Beta-glucuronidase activity is present in the microscopic epididymis of the Tfm/Y mouse

The sex-linked recessive gene Tfm in the mouse produces a condition of testicular feminization (androgen insensitivity syndrome, AIS) in hemizygotes, comparable to the condition of the same name in humans. The murine mutant was originally believed to have no derivatives of the mesonephric duct system (MDS), and this absence was ascribed to dependence of these derivatives on androgens for survival. However, microscopical epididymides, retia testes, and vasa deferentia were identified in these animals in our laboratory. These micro-organs may play a role in meiosis induction in Tfm/Y animals.

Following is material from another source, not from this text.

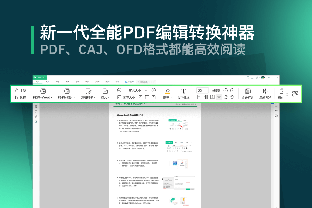 迅读PDF是一款超轻巧的PDF阅读编辑软件,启动速度极快,占用内存极少,不仅能秒开各种PDF格式的文档,也能直接阅读CAJ和OFD格式的文档。迅读PDF编辑器支持自由编辑PDF文件,可以轻松修改PDF中的文字与图片,执行OCR后,扫描件也能直接编辑和搜索。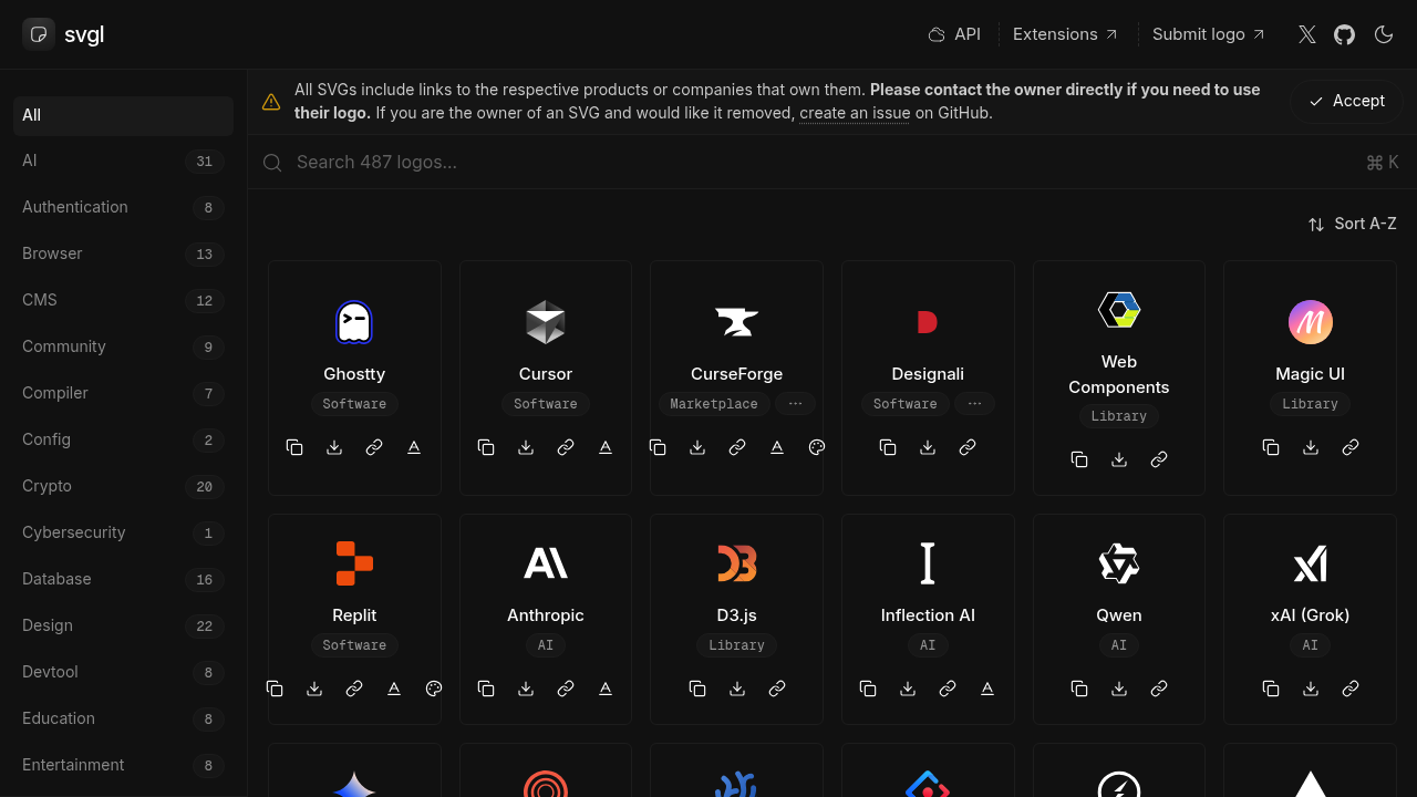 It's important to respect the intellectual property rights of the logo owners. Always contact the owner directly if you need to use their logo for commercial purposes. If you are a logo owner and wish to have your SVG removed from the library, you can easily create an issue on GitHub to request its removal.

The present study was designed to determine whether survival of these organs is due to retention of an ability to respond to androgens, or whether they are unique amongst MDS derivatives in being independent of androgens. Previous studies in our laboratory demonstrated that the enzyme beta-glucuronidase (beta G) is androgen sensitive in the epididymis of the normal mouse. In the present investigation we used this enzyme as a marker to study androgen sensitivity in the microscopical epididymides of Tfm/Y hemizygotes and in the epididymides of control +/Y litter-mate brothers. Both mutant and control animals were studied with and without exogenous androgen stimulation. Tfm/Y hemizygotes demonstrated low levels of diffuse, cytoplasmic beta G activity that appears to be unresponsive to exogenous androgen stimulation. In light of our previous studies, this distribution of beta G reaction products suggests some degree of androgen sensitivity. The survival of these micro-organs and their partial androgen sensitivity may be related to the role of the MDS in inducing meiosis.